Hardware and Computer Knowledge Society

There has been a lot of talk about LDAP since we decided to roll it out for central HACKS authentication.

LDAP stands for Lightweight Directory Access protocol. LDAP is a protocol for exchanging objects over a variety of links. LDAP does not specify how the information is stored. So, an LDAP server is just a computer that takes formatted text objects and presents them over a socket in an organized way.

The primary uses for LDAP are central authentication, online phone books, and cryptographic keyservers.

Examples of LDAP servers @ the University of Arizona include NetID (authentication server for many campus services including e-mail, WebReg, employee link, ...), UA Phonebook (ldap.arizona.edu; an online phonebook containing information about students, faculty and staff).

While the physical storae of the data is unregulated by the LDAP standards docs, the logical representation is tightly governed. Schema are defined that restrict and mandate what types of objects may/can exist in the directory.

When manually interacting with an LDAP compatible server, you use a file called an ldif. An ldif file defines an instance of an object and describes its place in the directory looks like this (a user object):

dn: cn=Shawn Nock,ou=members,dc=hacks,dc=arizona,dc=edu
givenName: Shawn
sn: nock
cn: Shawn Nock
uid: nock
objectClass: inetOrgPerson
objectClass: posixAccount
objectClass: top
mail: nock@hacks.arizona.edu
userPassword: deadbeef(password hash)deadbeef
shell:/usr/local/bin/bash
home: /home/nock

Description of terms (for an object of type posixUser):
cn= "Common Name" The name of the object instance
ou= "Organizational Unit" A container for objects
dn: "Distinguished Name" Describes where the object exists in the directory heirarchy. In the above example: Theobject named "Shawn Nock" exists in a container called "members" in the directory "dc=hacks,dc=arizona,dc=edu"
sn: "Surname" Last Name
givenName: First Name
objectClass: The object type. The above object inherits the requirements for a person (inetOrgPerson; allowing surname, givenname, mail), posix account (means the object get a uid [login name] userPassword [login password], login shell, home directory, etc.) and "top" a basic toplevel object which all objects inheirit (allows common name and distinguished name)

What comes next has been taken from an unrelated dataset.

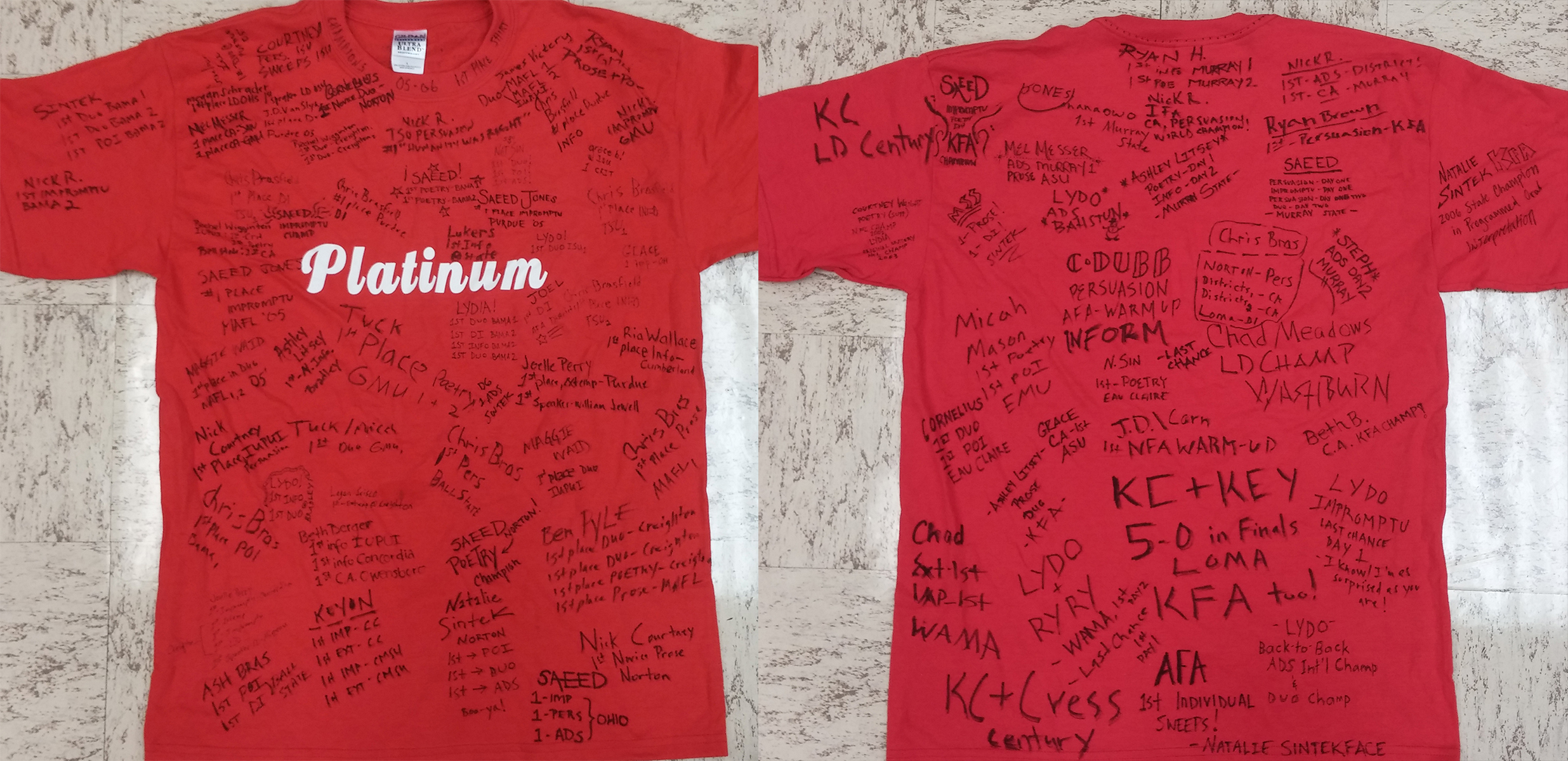 Roster: Dontarius Bailey, Beth Berger, Brian Bloss, Jeffrey Boggess, Jason Carey, Michael Courtney, Jerome Davis, Joele Denis, Jessica Furgerson, Desiree Guerrero, Carrie Guggenmos, Chelsea Harman, Samantha Harrison, Josh Harzman, Kelcy Hathaway, Adam Heugel, Drew Horner, Colby Holt, Kaleb Jessee, Dan Johnson, Saeed Jones, Cornelius Lee, Kelly Lootz, Micah Mason, Chad Meadows, Brandon Merrell, Ethan Millspaugh, Rachel Mosley, Liz Mullins, Lauren Nelson, Lydia Nelson, Ganer Newman, Logan Parke, Seth Peckham, Ben Pyle, Todd Rainey (now Emma Rainey), Josh Ramsey, Tom Schally, Natalie Sintek, Sarah A. Spiker, Robert Strobel, Adam Swanson, Alex Traxler, Ben Unanaowo, John D. VanSlyke, Maggie Waid, Robert Whittley, Rachel Wigginton, Amber Williams; Adam Black (part time), Jon Carter (coach), Chris Chandler (KHSSL), Justin Cress (grad asst), Rafael Esparza (grad asst), Chris Joffrion (coach), Brooks Johnson (grad asst), Wendy Kelley (office), Dawn Lowry (coach), Jace T. Lux (ADoF), Carrie Menapace (Brunder; grad asst), Stephanie Patterson (Alderdice), Glenn Prince (debate director), Frank Rivera (grad asst), Ben Robin (coach), Judy Woodring (director)

Once in the directory, HACKS uses a PAM (pluggable authentication module) to query the directory for a uid (login name) and compare the psasword for login to multiple machines. Assuming the password is correct, the server can pull all the relevant information (where the users home directory is , what shell they like, etc. and use it to customize their environment.

For example, the main web site uses uid and userPassword to authenticate a user and pulls in mail to allow the user to be contacted through a web form. given and surnames are used to mark a post by a user so others know who posted it.

More information about LDAP can be found from various sources on the internet. Try searching for OpenLDAP (the name of the LDAP server/client software HACKS uses).